Im Jahr 2015 hat sich Europa und die Welt einer dramatischen Welle an Flüchtlingen ausgesetzt gesehen, die nicht nur unser Land stark gefordert hat. Menschen im Nahen und Mittleren Osten nahmen Kurs auf den hiesigen Kontinent, weil sie in ihrer Heimat um ihr Leben fürchten mussten. Und auch in Afrika waren es Kriege und Konflikte, die die Bewohner zu Schutzsuchenden machten.
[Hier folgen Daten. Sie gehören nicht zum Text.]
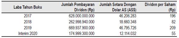 MCOL sangat rajin bagi-bagi dividen. Hal ini terlihat dari riwayat pembagian dividen MCOL selama empat tahun terakhir: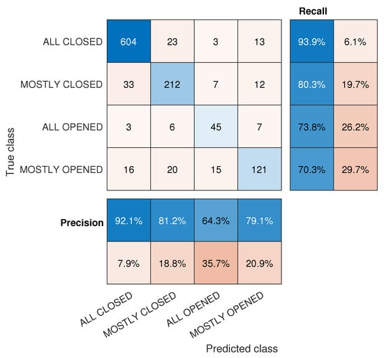 The output of the Classification Learner App shows that a fine k-NN model has been obtained with an accuracy of 92.2%. Using this trained k-NN classifier, we predicted the testing set and compared it to the monitored value, obtaining a value of 86.1% for accuracy. A confusion matrix for this test set is displayed in Figure 3. The highest recall value (true positive rate) is obtained when predicting the ‘ALL CLOSED’ state of the group of windows (93.9%) while the lowest belongs to the ‘MOSTLY OPENED’ label (only 70.3%). Regarding precision values (positive predictive values), the highest value is still obtained by the ‘ALL CLOSED’ state; however, the lowest value corresponds to the ‘ALL CLOSED’ label.
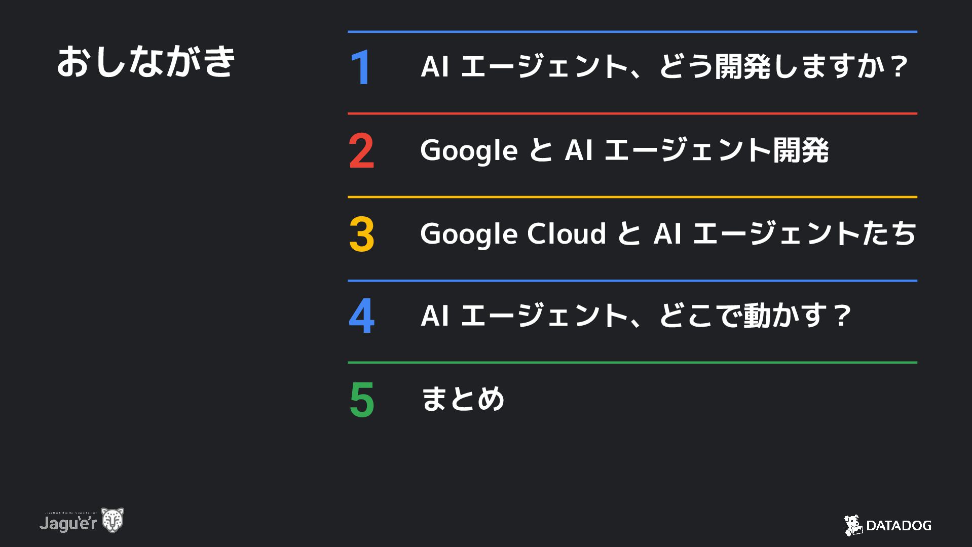 3. おしながき 1 AI エージェント、どう開発しますか? 2 Google と AI エージェント開発 3

Eine Mehrheit der Deutschen zeigte sich ihnen allen gegenüber solidarisch und mit ausgestreckter Hand. Denn die Bilder aus den Krisenherden dieser Erde machten nicht nur betroffen. Sie forderten uns zu Toleranz und Empathie auf - und nicht nur der Staat gab sein Bestes, den Ankommenden zu helfen. 


Gleichzeitig mussten wir erkennen, dass in weiten Teilen unserer Gesellschaft nicht nur Voreingenommenheit herrscht. Aus Ressentiments wurde Rassismus, für den sich vor allem die schämten, die oftmals in ehrenamtlichem Tun zu einer Weltoffenheit beigetragen hatten, wie wir sie zuvor noch nie gesehen hatten. Fremdenfeindlichkeit passt nicht in eine moderne Demokratie, die sich Freiheit und Rechtsstaatlichkeit auf ihre Fahnen schreibt. Deshalb waren die politischen und zivilen Anstrengungen so wichtig, um die Bundesrepublik bei allen Problemen, die mit der Migration einhergingen, zum Vorreiter in praktizierter Mitmenschlichkeit zu machen.


Nein, wir sollten die Herausforderungen, die insbesondere durch die langfristige Eingliederung der Geflüchteten in unser Miteinander entstehen, keinesfalls klein reden. Trotzdem bin ich mehr denn je von den Worten überzeugt, die Bundeskanzlerin Merkel in der damaligen "Krise" geprägt hat. Ja, wir sind ein starkes Land - nicht nur finanziell. Unsere Werte führen uns vor Augen, dass wir über Ressourcen verfügen, die sich auch von Hass oder Wut auf das Unbekannte nicht verdrängen lassen: Humanität und Hilfsbereitschaft gehören zur Identität des Nachkriegsdeutschlands. Wir können darauf vertrauen, dass unsere Empathie belohnt wird. Eine bunte Vielfalt überdauert den Abgesang auf unser Abendland.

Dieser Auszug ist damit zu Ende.